- Born: Robert Allen Carson 18 August 1934 Mineral Wells, Texas, U.S.
- Died: 3 February 1989 (aged 54) Dallas, Texas, U.S.
- Occupations: Actor, linguist, waiter
- Years active: 1940–1975
- Spouse: Annette Groombridge ​ ​(m. 1960; div. 1966)​

= Paul Carson (actor) =

Texan actor (1934–1989)

Paul Carson (18 August 1934 – 3 February 1989) was American actor from Texas who had a brief career in the United Kingdom during the 1960s.

==Early life==
His acting career began at the age of six, making his stage debut with the Fort Worth Civic Opera, playing Trouble in Madame Butterfly. After appearing in several films and radio broadcasts, he decided to give up the profession for good.

At age 12, Carson and his family moved to Europe as a result of his father serving in the United States Armed Forces. They stayed in Belgium, afterwards moving to Tokyo in 1951. After graduating from high school there, Carson became drama critic for the Nippon Times before returning to the States in 1953.

After serving four years in the United States Air Force as a Russian linguist (having studied the language whilst at university), he was talked back into acting by a film starlet.

==Career==
Carson initially graduated with a Motion Picture degree from the University of California, Los Angeles (UCLA) and toured the States in a production of Maria Stuart, as well as appearing off-Broadway in Lady of Affairs. (Around this time, he was briefly engaged to the actress Kim Novak.) He then came to England in 1959 to study drama at the Royal Academy of Dramatic Art (RADA), graduating in 1961 and winning the William Poel Prize for verse speaking (being the first American to achieve this award).

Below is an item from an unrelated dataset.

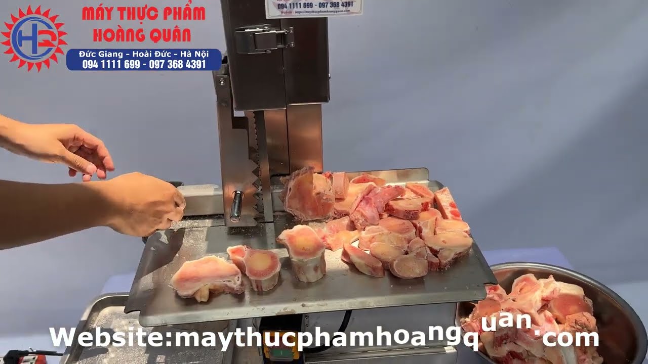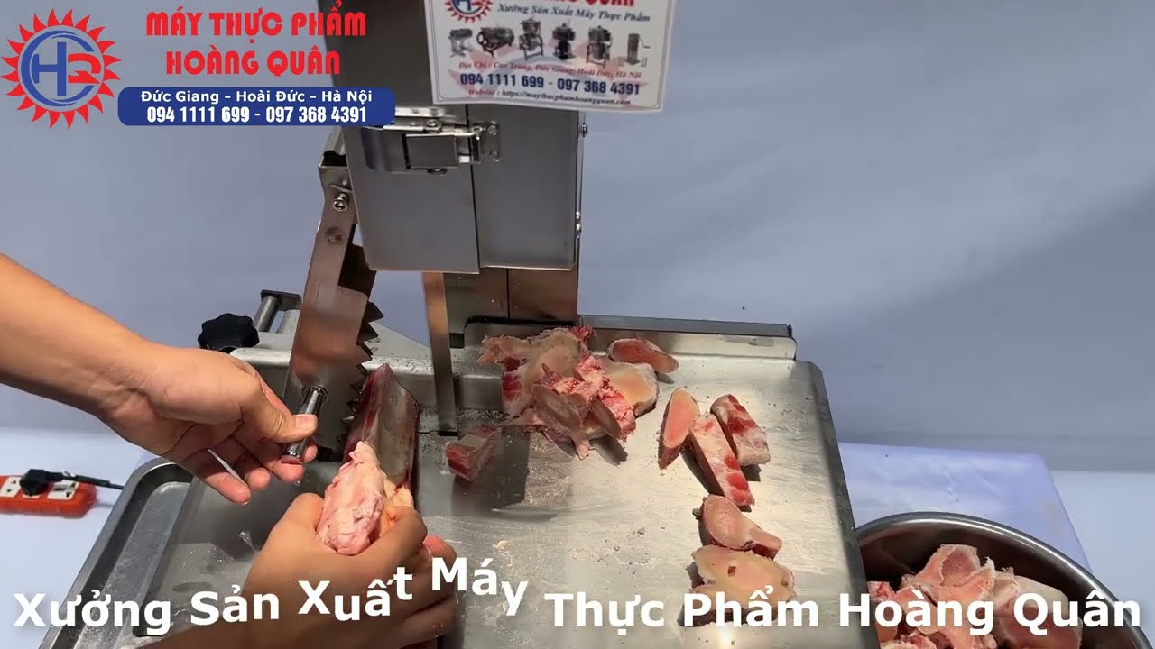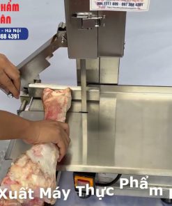 Trong quá trình cắt, anh em nên sử dụng tay gạt đẩy nguyên liệu để đảm bảo an toàn. Khi dùng tay gạt này đẩy thịt hoặc xương qua lưỡi cưa thì tay của mình sẽ không tiếp xúc trực tiếp với lưỡi cưa, tránh được nguy cơ bị thương.

Afterwards, Carson appeared in repertories at Liverpool and Birmingham, during which he replaced Ralph Nossek as Mathias in The Bells after the actor fractured his kneecap after slipping on an icy pavement in 1962. The following year, Carson appeared alongside Sir Ralph Richardson in Six Characters in Search of an Author at the Haymarket Theatre. This was followed by appearances in TV shows and films (see below).

Moving to New York in 1967, Carson resumed his acting career in theatre, partaking in productions including Hotel Universe, The Owl and the Pussycat, The Bashful Genius (at Philadelphia's Playhouse in the Park) and The Royal Hunt of the Sun (with the Cleveland Play House). From 1969, he was performing with the Missouri Repertory Company before retiring from acting in 1975.

==Later life==
Carson then went on to work as a waiter at Gatsby's and L'Difference in NY before returning to Dallas in 1978. He became head waiter at Sarducci's Ristorante at the Harvey Hotel in Plano, working up until his death.

==Personal life==
For a brief time, he was married to and divorced from author Annette Carson (née Groombridge).

==TV and Film==
- Doctor Who (serial - Marco Polo) (2 episodes) (1964) - Ling-Tau
- No Hiding Place (1 episode) (1964) - Al Gordon
- ITV Play of the Week (1 episode) (1964) - A. G. Dawson
- Love Story (1 episode) (1964) - Studio type
- The Bedford Incident (1965) - Seaman 1st Class - Communications
- Thirty-Minute Theatre (play Emergency – Ward 9) (1966) - First Doctor
- A Countess from Hong Kong (1967) - Reporter
- You Only Live Twice (1967) - Astronaut - 1st American Spacecraft

While based in Britain, he played the "G Man", a slick detective who corrects bad shaving habits in commercials for razor brand Gillette, shown in cinemas and appearing on posters in retailers' windows.